Work item | The task calls for the lines below from the line with "REMI RELIEF レミ" to the line with "In his tweets", both ends included, copied exactly, without any pictures.

:: Records shown ::

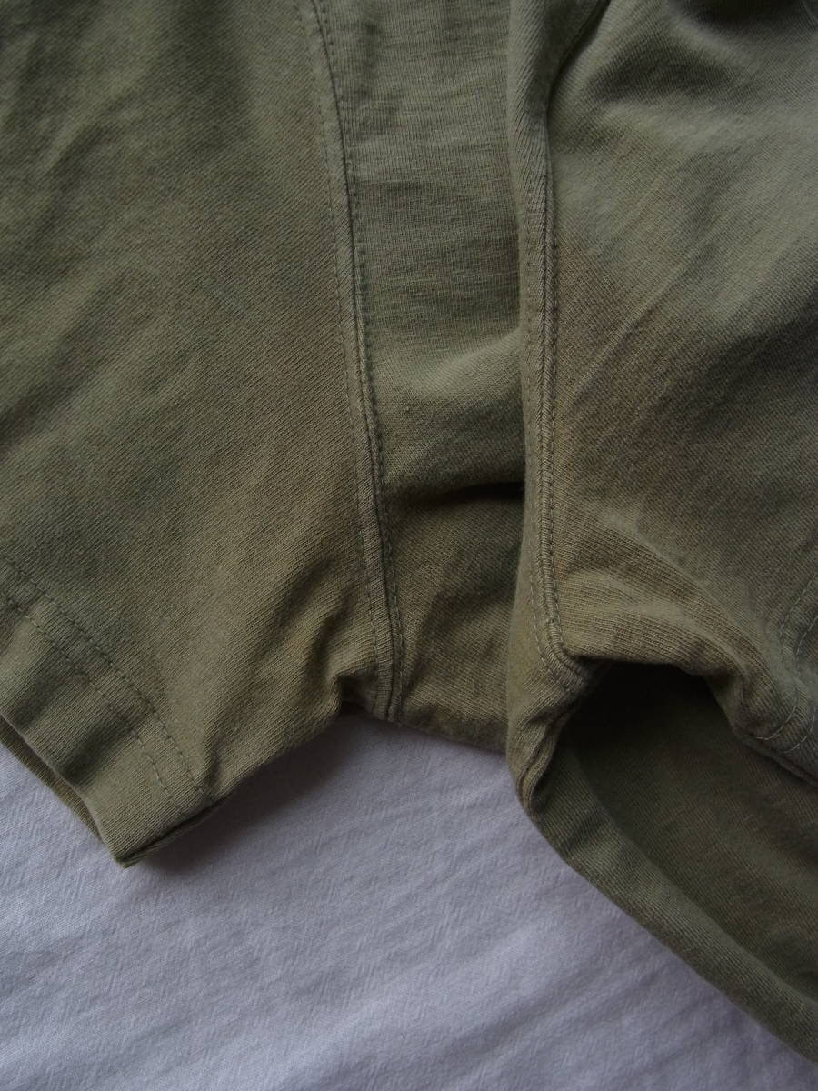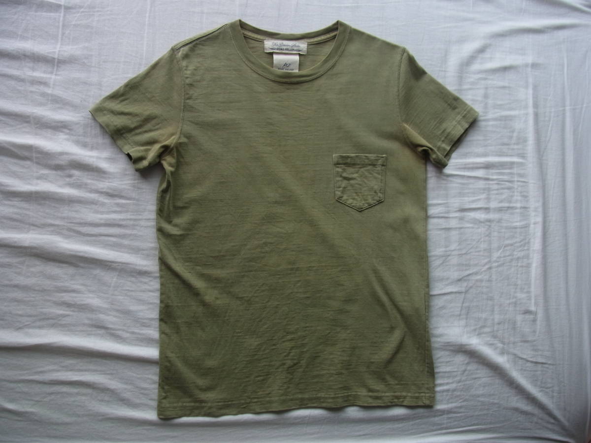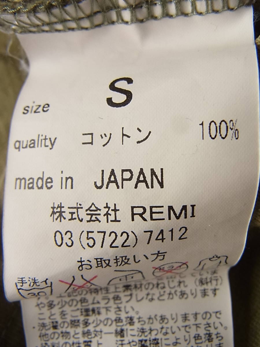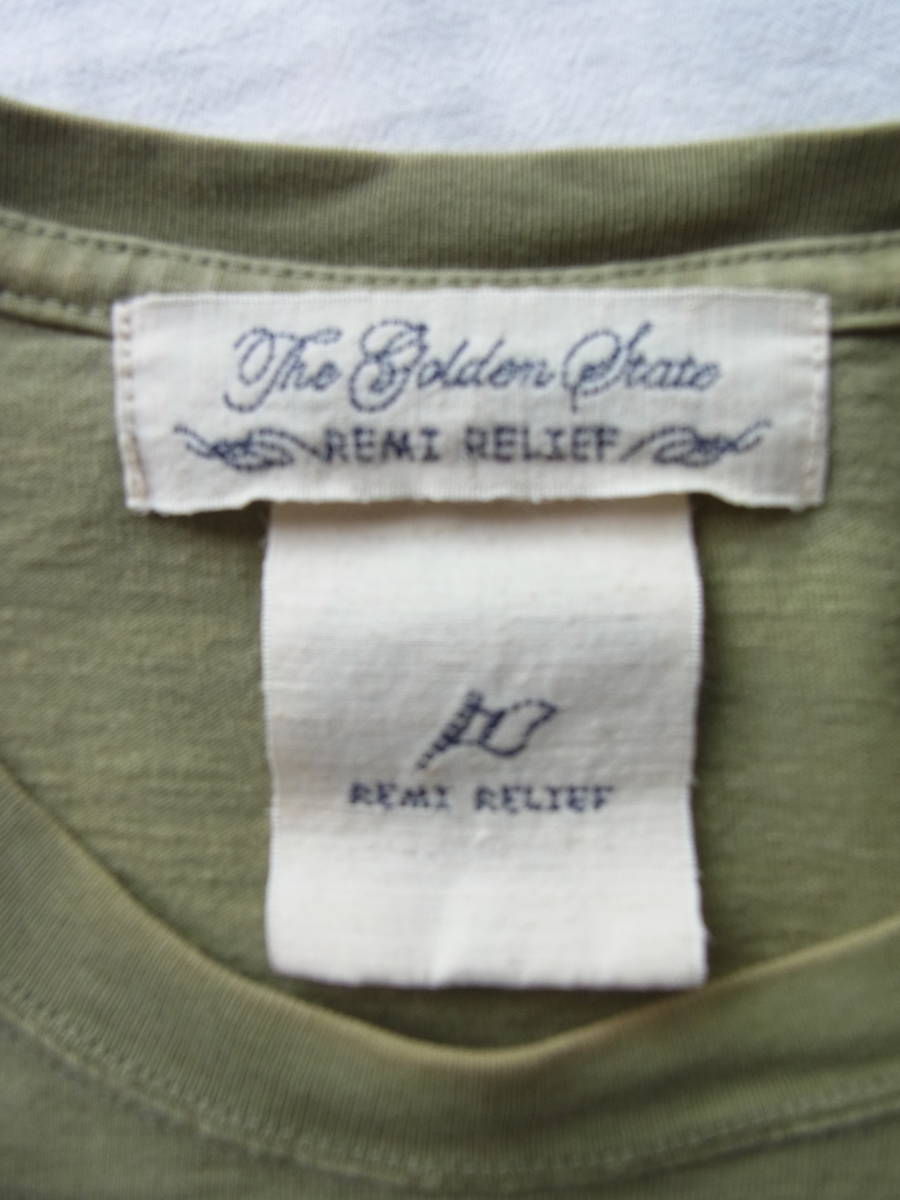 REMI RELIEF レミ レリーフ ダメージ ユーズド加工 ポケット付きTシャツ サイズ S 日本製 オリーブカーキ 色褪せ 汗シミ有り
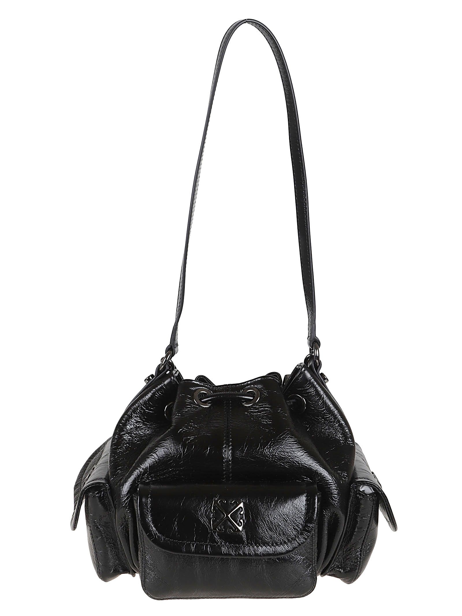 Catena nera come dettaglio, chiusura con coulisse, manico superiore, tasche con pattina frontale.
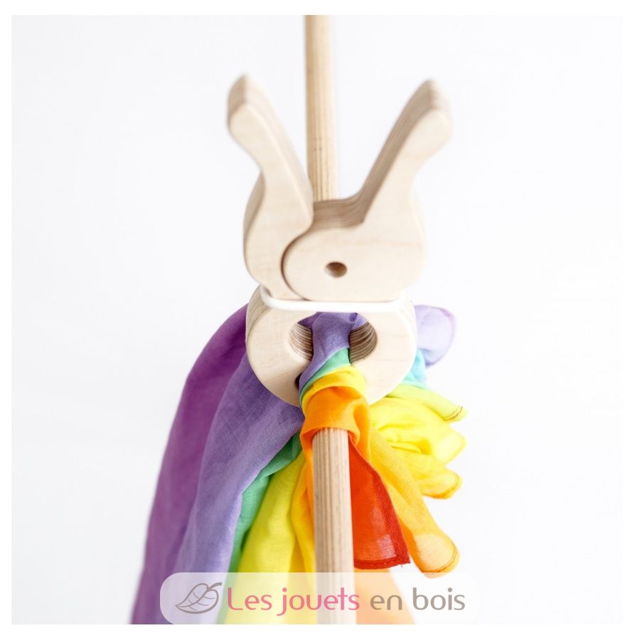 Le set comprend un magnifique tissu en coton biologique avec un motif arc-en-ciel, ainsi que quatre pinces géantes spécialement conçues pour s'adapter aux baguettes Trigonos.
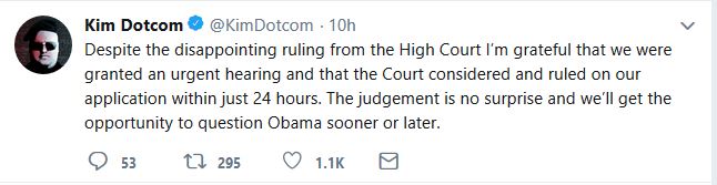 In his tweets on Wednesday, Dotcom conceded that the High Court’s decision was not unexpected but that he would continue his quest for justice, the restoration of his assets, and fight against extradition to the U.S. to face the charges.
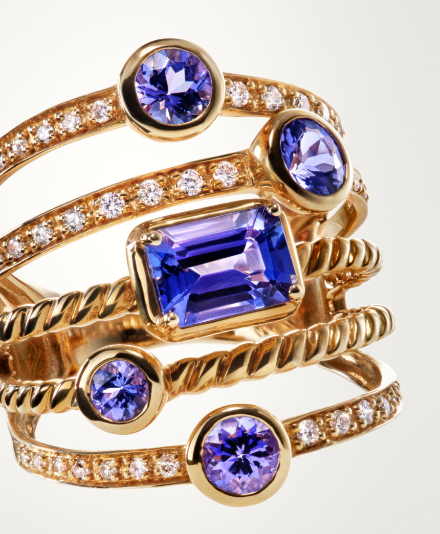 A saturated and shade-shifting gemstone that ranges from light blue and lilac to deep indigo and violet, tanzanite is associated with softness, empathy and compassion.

:::
:: Records shown ::

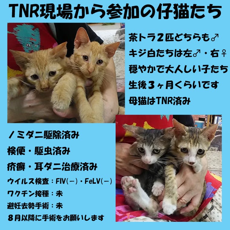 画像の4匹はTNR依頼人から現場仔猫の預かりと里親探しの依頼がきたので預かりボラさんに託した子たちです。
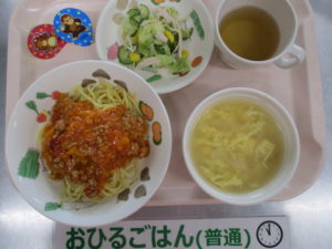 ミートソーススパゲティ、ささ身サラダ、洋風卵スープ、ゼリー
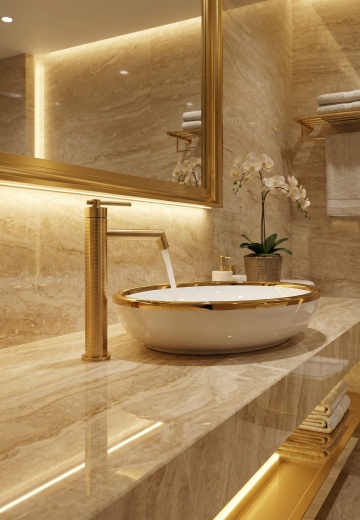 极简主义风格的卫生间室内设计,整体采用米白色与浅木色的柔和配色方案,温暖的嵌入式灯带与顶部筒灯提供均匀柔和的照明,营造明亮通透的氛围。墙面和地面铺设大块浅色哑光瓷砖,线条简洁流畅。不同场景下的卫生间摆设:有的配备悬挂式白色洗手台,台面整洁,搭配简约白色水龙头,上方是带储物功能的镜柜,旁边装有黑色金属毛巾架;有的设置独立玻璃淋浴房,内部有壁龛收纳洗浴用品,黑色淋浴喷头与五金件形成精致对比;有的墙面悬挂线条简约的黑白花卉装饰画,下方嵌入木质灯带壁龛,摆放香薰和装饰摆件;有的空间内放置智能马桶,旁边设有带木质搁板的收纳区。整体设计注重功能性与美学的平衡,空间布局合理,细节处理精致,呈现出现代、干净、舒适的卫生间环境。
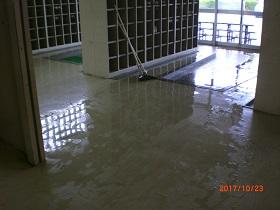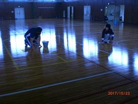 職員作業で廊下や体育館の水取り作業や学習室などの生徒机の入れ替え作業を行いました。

:::

Answer to this exercise |
 REMI RELIEF レミ レリーフ ダメージ ユーズド加工 ポケット付きTシャツ サイズ S 日本製 オリーブカーキ 色褪せ 汗シミ有り
 Catena nera come dettaglio, chiusura con coulisse, manico superiore, tasche con pattina frontale.
 Le set comprend un magnifique tissu en coton biologique avec un motif arc-en-ciel, ainsi que quatre pinces géantes spécialement conçues pour s'adapter aux baguettes Trigonos.
 In his tweets on Wednesday, Dotcom conceded that the High Court’s decision was not unexpected but that he would continue his quest for justice, the restoration of his assets, and fight against extradition to the U.S. to face the charges.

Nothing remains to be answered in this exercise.